Я посмотрела на отца. У него снова были уложены волосы, он сбрил щетину и выглядел как обычно: свежо и прекрасно.
– Что я должна подписать?
– Согласие на эвтаназию. Со мной медицинский юрист.
Если бы у меня сейчас было оружие, я бы …. Но у меня ничего не было.
– Я не подпишу.
– Верона, включи здравый смысл: ты уже не можешь жить полноценно. Ты уже не человек. И скоро ты умрешь – либо эвтаназия, в ходе которой ты спокойно уснешь и больше не проснешься, либо зона «Дельта», где ты будешь умирать долго и мучительно.
Я знала, что он прав. Я, скорее всего, буду долго умирать на мусорной свалке. А может и не буду. Может я сооружу себе дом из мусора и буду ползком передвигаться по земле. И буду есть объедки из городов столетней давности, которые будут пахнуть неизвестно чем, а на вкус… Бррр!
– Верона, тебе не будет больно. Там снотворное…
Отец присел на мою кровать и попытался взять меня за руку. Я прижала руку к себе и отвернулась.
–Верона!
Я разозлилась. Со слезами на глазах я сказала:
– Я не подпишу. Я не хочу эвтаназию. Отправляйте меня в зону «Дельта».

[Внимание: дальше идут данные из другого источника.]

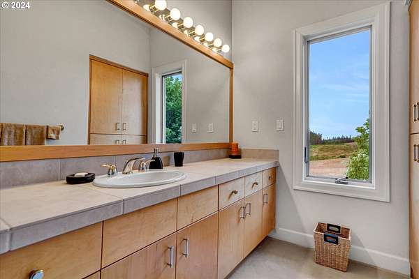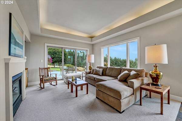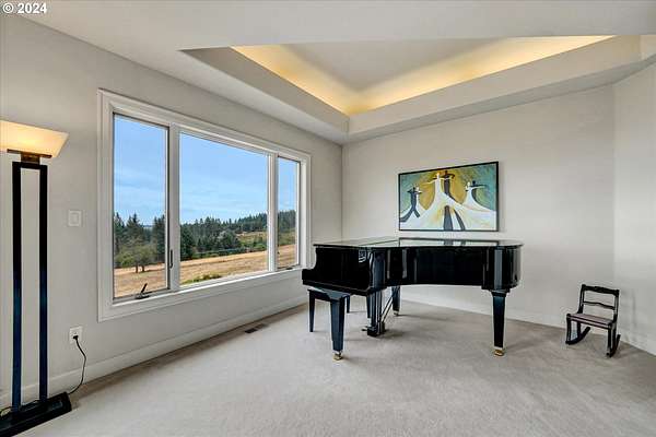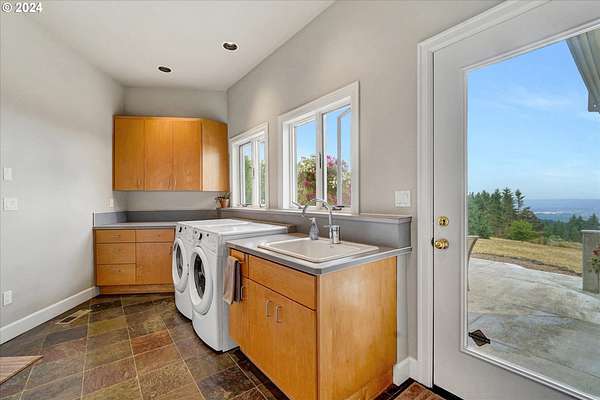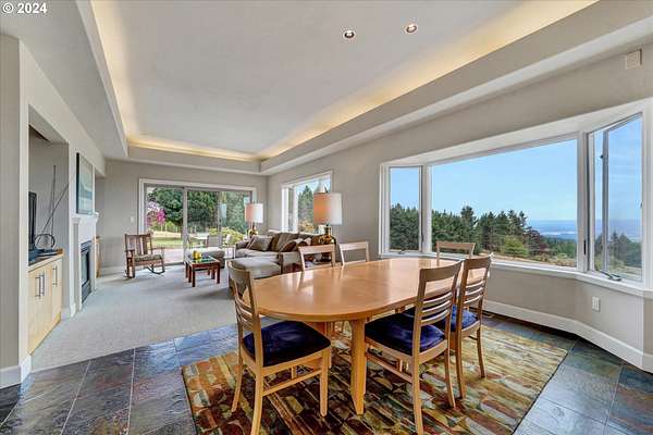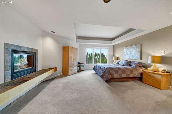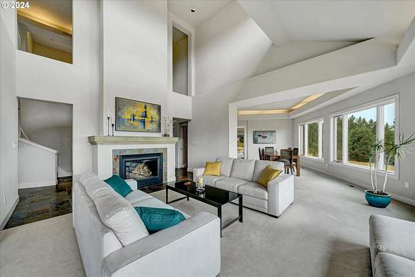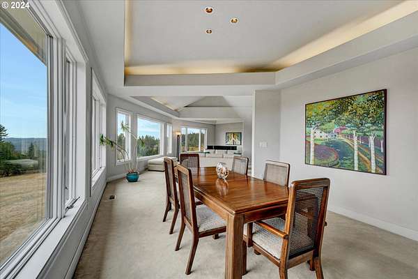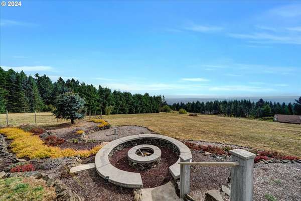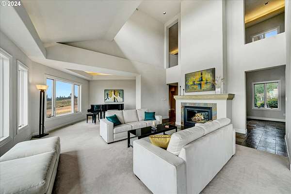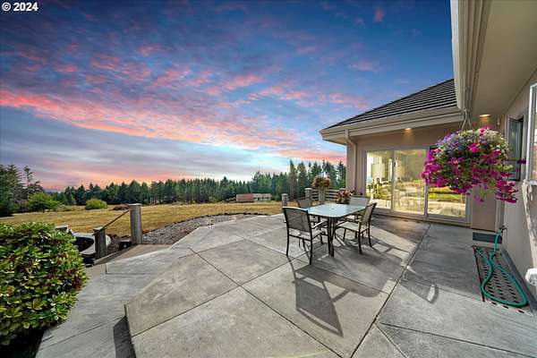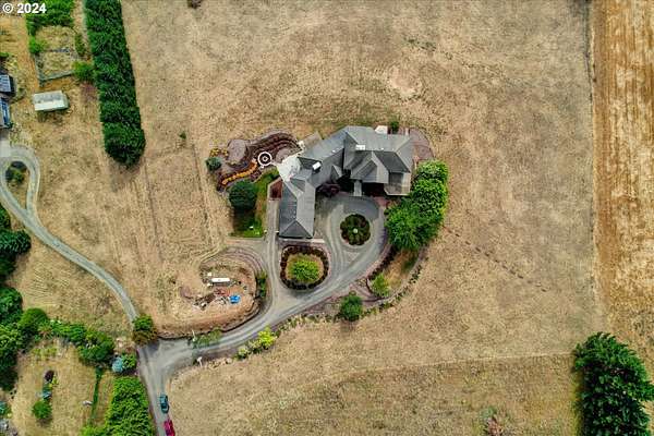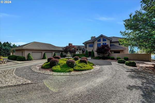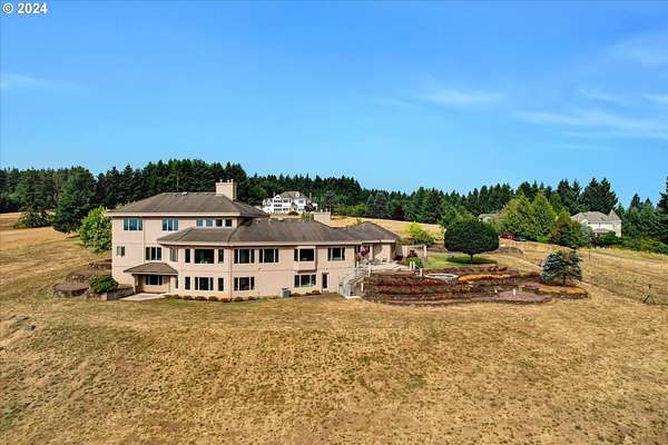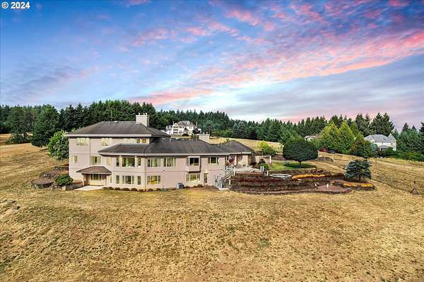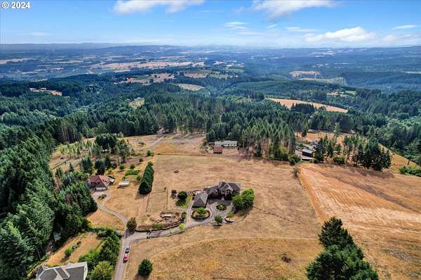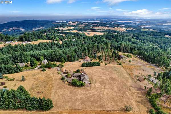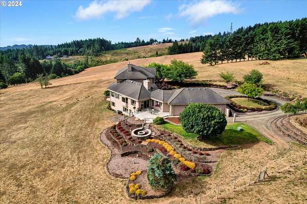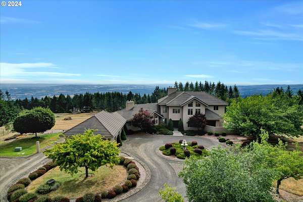 Wine country in Yamhill County on Bald Peak with a panoramic 5 mountain VIEW! This home has been updated and well maintained. On 5.73 mostly level acres in Sunrise Peaks Estates, this amazing property won't disappoint. At the end of the paved street through the gate opening follow the circular driveway and hear the soft sounds of the fountain. From the moment you enter in through the stained glass front door into the grand two story entrance, with a curved staircase, light abounds. The formal living room has a view of the valley, trees & mountains, a high ceiling + a dramatic fireplace. The formal dining room features indirect lighting & room for family gatherings or entertaining guests. The newly updated kitchen has granite countertops, a large island, stainless steel appliances, both a butler's pantry & a walk-in pantry. There is an informal eating area with a bay window. The kitchen opens to the family room. There's a fireplace in the family room, & a slider to the BBQ patio & the fire pit below. Spend cool evenings gathered around the wood burning fire pit gazing out at the view. There's a fenced garden area so the deer won't nibble. Back inside the primary suite is on the main level and features a fireplace, built-ins, and a spa like bath with a jetted tub, separate shower, a huge walk-in closet and double sinks framed by travertine marble. Plus there's an outdoor patio off the hall to enjoy a morning beverage. There's an opportunity for multi-generational living with a full bath & bedroom on each of the three levels. The daylight basement offers a party room, wet-bar and mini fridge, a door to the outdoor patio, a wine cellar, the 4th bedroom and a substantial sized office or 5th bedroom, complete with double closets and walk out patio. Upstairs is the library reading loft, two bedrooms, and a Jack & Jill bath. Oversized attached 3-car garage with overhead storage. This is the one you've been waiting for!

– Ты не понимаешь, что ты сейчас несешь! Это ведь для твоего же блага! – заорал на меня отец.
– Вы хотите убить меня для моего же блага. Какое счастье!
Медицинский юрист подал голос:
– Я видел такое несколько раз. Такие люди, как она, не соглашаются на эвтаназию.
– Вы правы, – ответила я юристу, а затем обратилась к отцу: – делай что хочешь, но во вторник ты не увидишь меня в гробу!
Левый глаз отца начал дергаться. Нервный тик он прикрыл ладонью и направился к выходу. Остановился на несколько секунд перед дверью, чтобы сказать мне:
– Прощай! У меня больше нет дочери. Твои похороны пройдут во вторник – с тобой или без тебя.